Métonymie. Figure de signification ou trope qui joue sur les relations de contiguïté entre objets (individus, événements) existant dans le monde et qui remplace le nom d’un des deux objets par celui de l’autre. Les deux objets, à la différence de ce qui se passe dans la synecdoque, sont indépendants l’un de l’autre, et sont liés par un lien de contiguïté spatiale ou temporelle. On distingue entre autres la métonymie du contenant pour le contenu : boire un verre pour boire le vin contenu dans le verre du lieu pour l’objet fait dans ce lieu : du jean pour de la toile de Gênes de l’objet pour la matière de cet objet : un jean pour un pantalon fait en jean de l’antécédent pour le conséquent (ou l’inverse) : elle a vécu pour elle est morte de la cause pour l’effet (ou l’inverse) : refroidir pour tuer ces deux dernières catégories sont parfois appelées métalepses. Les métonymies sont abondantes en argot. Transparentes, elles sont fréquentes dans les textes classiques : Fer qui causes ma peine, M’es-tu donné pour venger mon honneur? (Corneille, Le Cid)

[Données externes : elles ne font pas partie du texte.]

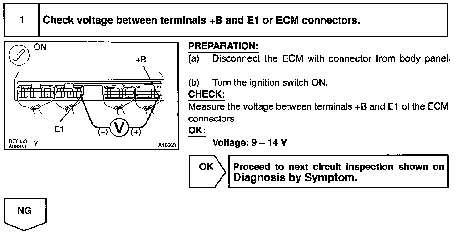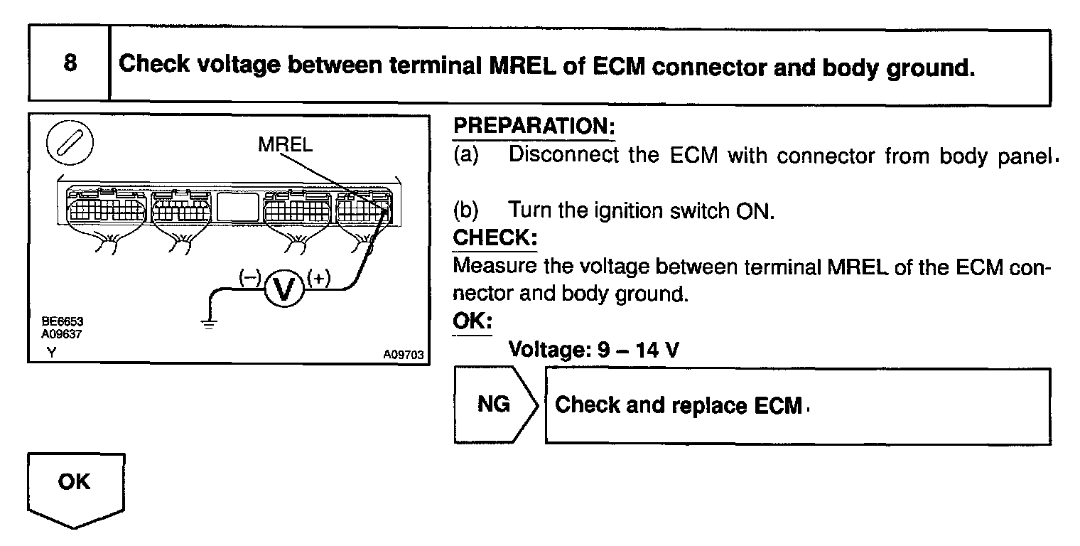 This signal causes current to flow to the coil, closing the contacts of the EFI main relay and supplying power to terminals +B of the ECM.

La métonymie serait, selon Jakobson, sur le plan du langage, un processus substitutif analogue au phénomène psychique du déplacement décrit par Freud, l’un des deux modes essentiels, avec la condensation, du fonctionnement des processus inconscients. Freud constate qu’il existe une indépendance relative de l’affect et de la représentation. L’affect lié à une représentation est en effet susceptible de se détacher d’elle pour se reporter sur d’autres représentations, à l’origine peu chargées d’intensité et reliées à la première par un réseau associatif (associations originelles établies par contiguïté ou ressemblance). Le déplacement est à l’œuvre dans toutes les formations de l’inconscient, symptômes, rêve, etc. Ainsi, dans la phobie, le déplacement de l’angoisse sur l’objet phobique, fonctionne comme une tentative faite par le sujet pour maîtriser l’angoisse. Le petit Hans, dont le cas est décrit par Freud dans les Cinq Psychanalyses, présente une peur phobique du cheval qui est le déplacement d’une angoisse liée au personnage paternel, fantasmatiquement défaillant. • Freud, Cinq psychanalyses, Paris, PUF, 1967; Jakobson R., Essais de linguistique générale, Paris, Ed. de Minuit, 1963.